Month 1: The feature types accurately describe the system because they ARE the system.

Month 3: Two new features were added. Each required adding new feature records with abstract AC methods. The compiler forced the developer to create specification interfaces, implement them, and write tests. The features exist in the type system because they wouldn't have compiled otherwise.

Month 6: A feature was deprioritized. The RequirementPriority was changed from Critical to Low on the feature record. This is a one-line change that's tracked in git. Every reference to this feature still works because the type hasn't been renamed or deleted.

Month 12: The team's requirements are exactly as current as their codebase — because the requirements ARE the codebase. There's no separate document to maintain, no CI check to implement, no freshness validation to configure.

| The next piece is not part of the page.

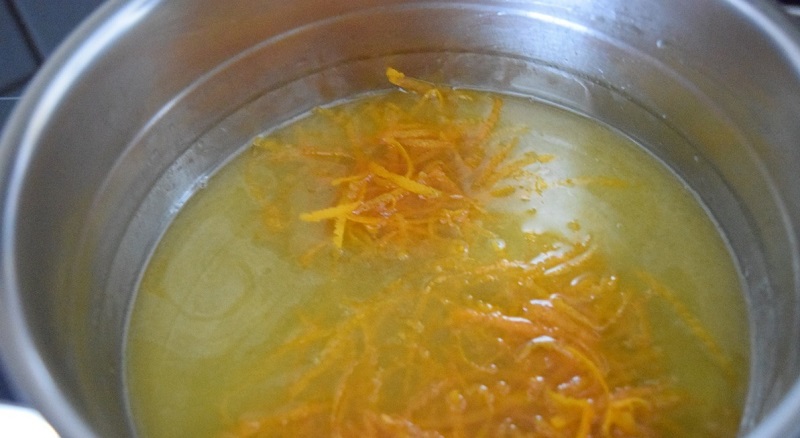 9. Teraz czas na krem. Wymieszaj 80 ml soku pomarańczowego ze 150 g cukru i gotuj na wolnym ogniu, aż do całkowitego rozpuszczenia się cukru, ciągle mieszając. Dodaj skórkę pomarańczową i gotuj przez 5 minut od momentu wrzenia bez mieszania.

Month 24: A new developer joins. They see UserRolesFeature in the codebase. They Ctrl+Click through the chain: feature → spec → implementation → tests. They understand the system without reading any documentation because the types are self-navigating.

Drift curve (typed specifications):

  Accuracy │
    100% ───┬──────────────────────────── ← Types cannot drift from types
            │
            │
            │
     50% ───│
            │
            │
      0% ───┼────────────────────────────
            0    6    12    18    24 months

But Not All Drift Is Prevented

Typed specifications prevent drift in the structural chain (requirement → spec → impl → test). They do NOT prevent:

  1. Semantic drift. A feature type says AdminCanAssignRoles, but the implementation assigns roles incorrectly (wrong logic, correct types). The compiler verifies structure, not behavior.

  2. External documentation drift. If the team maintains a wiki, a Confluence page, or a customer-facing FAQ that describes features, those documents can drift from the types. The types don't know about external documentation.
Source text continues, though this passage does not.